Biased_Observer
Biased_Observer

Reputation: 87

How to re-structure a table into a specific template format in R?

I have a dataset containing results from a survey. Let's pretend that a survey was sent out to thousands of employees belonging to a number of different companies, I processed the results of these surveys, identified some errors in those surveys and now want to send a custom error summary to each employee, so that they can correct those errors.

To send out these summaries, we use a software which allows you to send out a custom email, using a template where you can specify custom fields.

E.g.


Dear (Name),

We have identified a total of (number of errors) errors in the the surveys submitted by (company_name). Please find these below:

(error_1_description)

(error_1_survey_IDs)

(error_2_description)

(error_2_survey_IDs)

(error_3_description)

(error_3_survey_IDs)

(error_4_description)

(error_4_survey_IDs)


When sent, the recipient sees a summary specific to their company, e.g. :

Dear Steve,

We have identified a total of 20 errors in the the surveys submitted by Amazon.

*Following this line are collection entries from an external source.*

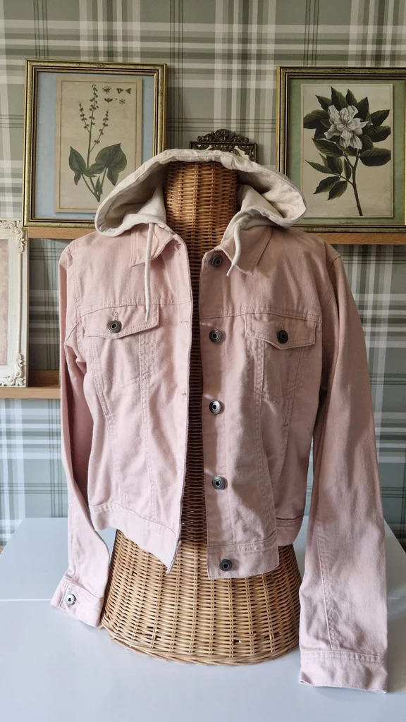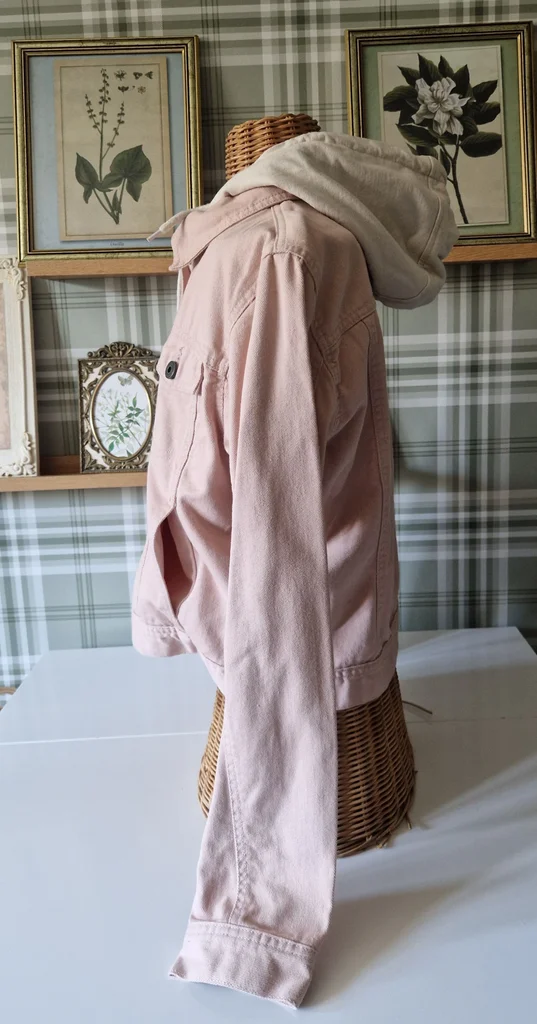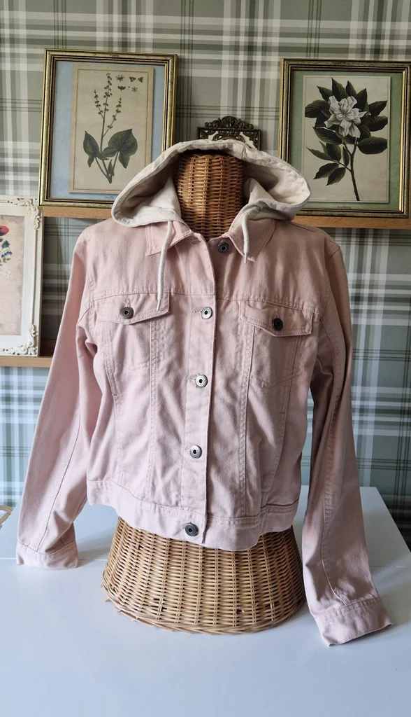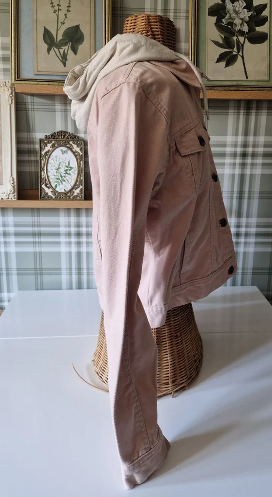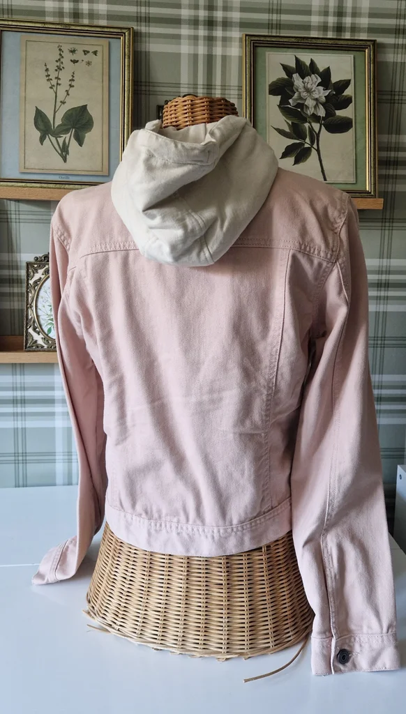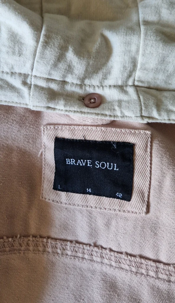 Veste avec capuche détachable. Marque : Brave Soul. Coloris : rose - rose pâle - crème - beige. Matières : Veste 100% coton - Capuche 100% coton. Taille notée : L - 14 - 42. Mesures : 49.5cm de long - 43cm aux épaules. 4 poches. Neuf sans étiquette. Jamais portée.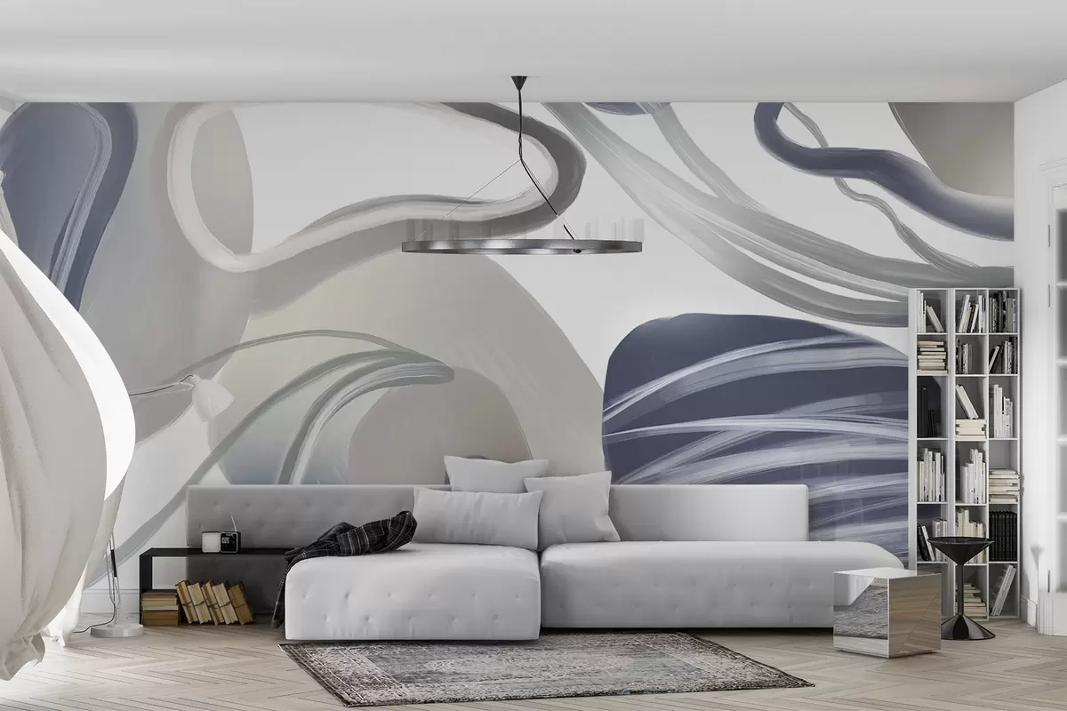 Fototapety Abstraktné víriace tvary a krivky v tmavomodrých odtieňoch vytvárajúce dynamickú a plynulú kompozíciu Nr. w08279v1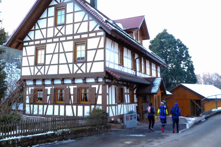 Leider kommen nur recht wenige Läufer noch zum abschließendem Abendessen ins Saunahaus nach Lautenbach. Vielleicht denken einige, dass man dort auf jeden Fall auch in die Sauna muss. Doch Sauna ist nur eine Option, die von uns Läufern meist nicht genutzt wird. Wir beschränken uns hier auf die Dusche und sitzen dann noch lange bei gutem, äußerst preiswertem Abendessen vor dem Kaminfeuer. Dies ist der ideale Abschluss eines grenzenlos schönen Lauftages.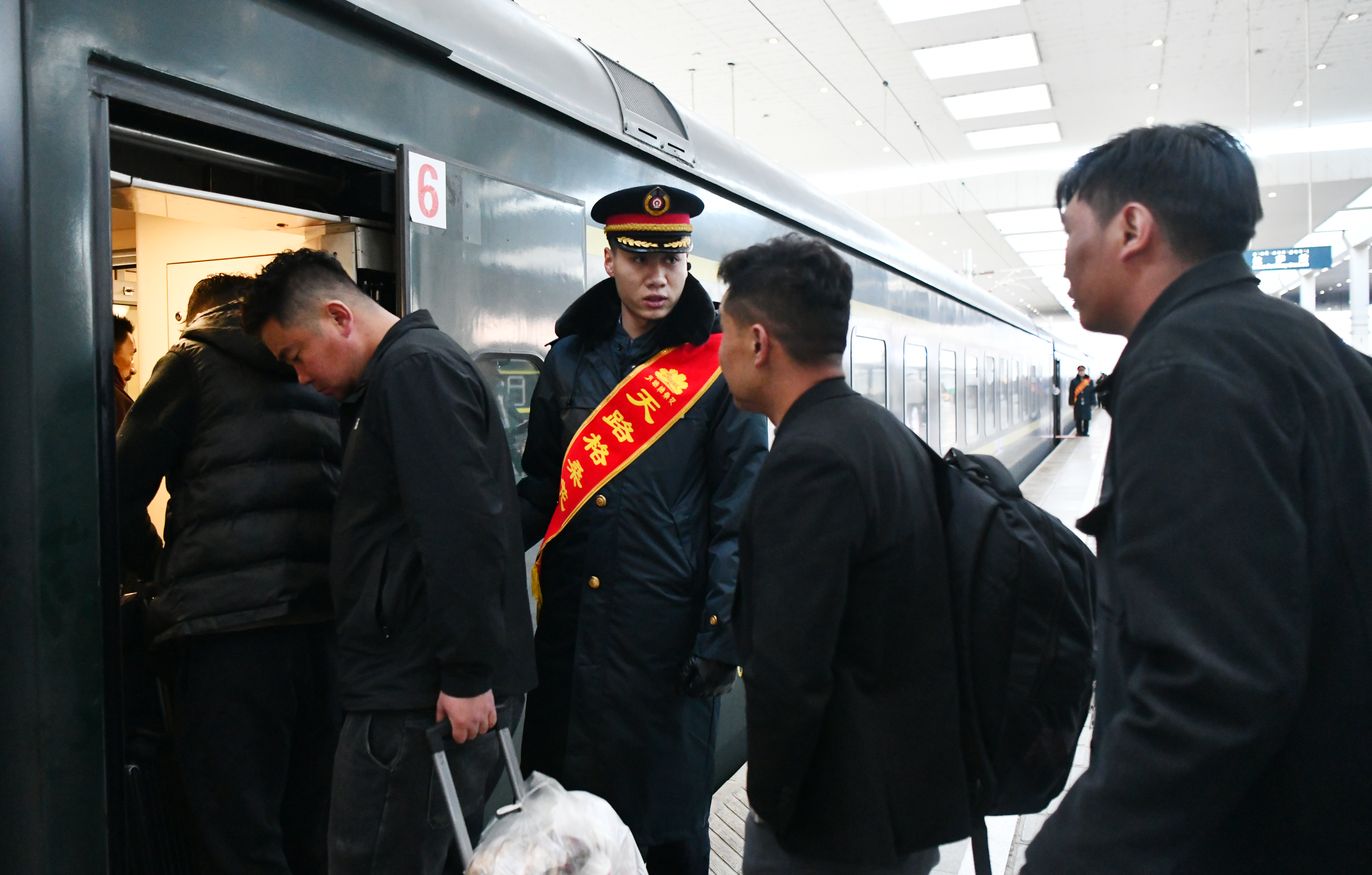 图为春运伊始,在日喀则火车站踏上返乡路的小旅客送上新春祝福。记者 扎西顿珠 摄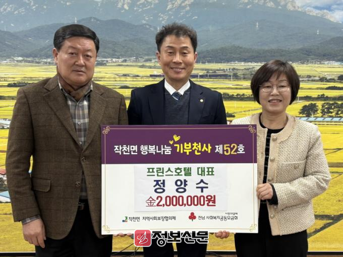 ![]() 강진 프린스호텔 정양수 대표, 고향 사랑 담아 200만원 기탁 |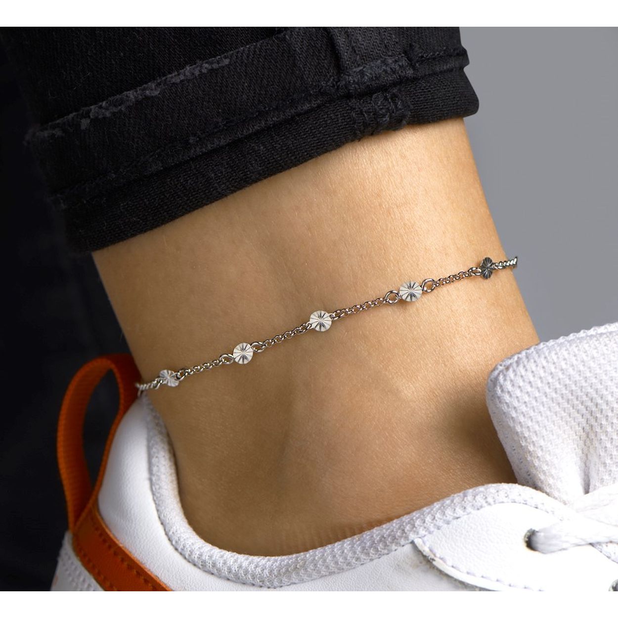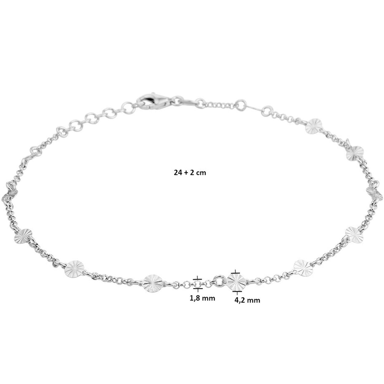 Gerhodineerd 925 zilveren enkelbandje met een breedte van 4.2mm en uitgevoerd met een stevige karabijn sluiting. Het enkelbandje heeft een draaglengte van 24cm met een extensie van 2cm.

Please find these below:

Error in question 1. IDs of affected surveys:

00100A, 00100B, 00100C

Error in question 2. IDs of affected surveys:

00100A, 00100B

Error in question 3. IDs of affected surveys:

00100A

Error in question 4. IDs of affected surveys:

00100B, 00100C


My problem is that I need to re-structure the error summary into the template format accepted by the software, and I am struggling to find a way.

The table containing the error summary can be re-created using the code below:

error_summary <- structure(list(organisation = c("Amazon", "Amazon", "Amazon", 
"Amazon", "Amazon", "Amazon", "Amazon", "Amazon", "Amazon", "Google", 
"Google", "Google", "Google", "Google", "Google", "Google", "Google", 
"Google", "Google", "Google", "Google", "Google", "Google", "Facebook", 
"Facebook", "Facebook", "Facebook", "Facebook", "Facebook", "Facebook", 
"Facebook", "Facebook", "Facebook", "Facebook", "Facebook", "Facebook"
), questionnaire_id = c("00100A", "00100A", "00100A", "00100B", 
"00100C", "00100C", "00100C", "00100D", "00100D", "00100E", "00100E", 
"00100E", "00100F", "00100G", "00100G", "00100G", "00100H", "00100H", 
"00100H", "00100H", "00100H", "00100J", "00100J", "00100K", "00100K", 
"00100K", "00100K", "00100L", "00100L", "00100L", "00100L", "00100M", 
"00100M", "00100M", "00100M", "00100M"), error_message = c("error found in question 1", 
"error found in question 2", "error found in question 4", "error found in question 1", 
"error found in question 2", "error found in question 5", "error found in question 6", 
"error found in question 1", "error found in question 2", "error found in question 1", 
"error found in question 2", "error found in question 4", "error found in question 1", 
"error found in question 2", "error found in question 5", "error found in question 6", 
"error found in question 1", "error found in question 2", "error found in question 3", 
"error found in question 4", "error found in question 5", "error found in question 5", 
"error found in question 6", "error found in question 1", "error found in question 2", 
"error found in question 4", "error found in question 5", "error found in question 2", 
"error found in question 5", "error found in question 6", "error found in question 7", 
"error found in question 2", "error found in question 3", "error found in question 4", 
"error found in question 5", "error found in question 6")), class = c("spec_tbl_df", 
"tbl_df", "tbl", "data.frame"), row.names = c(NA, -36L), spec = structure(list(
    cols = list(organisation = structure(list(), class = c("collector_character", 
    "collector")), questionnaire_id = structure(list(), class = c("collector_character", 
    "collector")), error_message = structure(list(), class = c("collector_character", 
    "collector"))), default = structure(list(), class = c("collector_guess", 
    "collector")), skip = 1), class = "col_spec"))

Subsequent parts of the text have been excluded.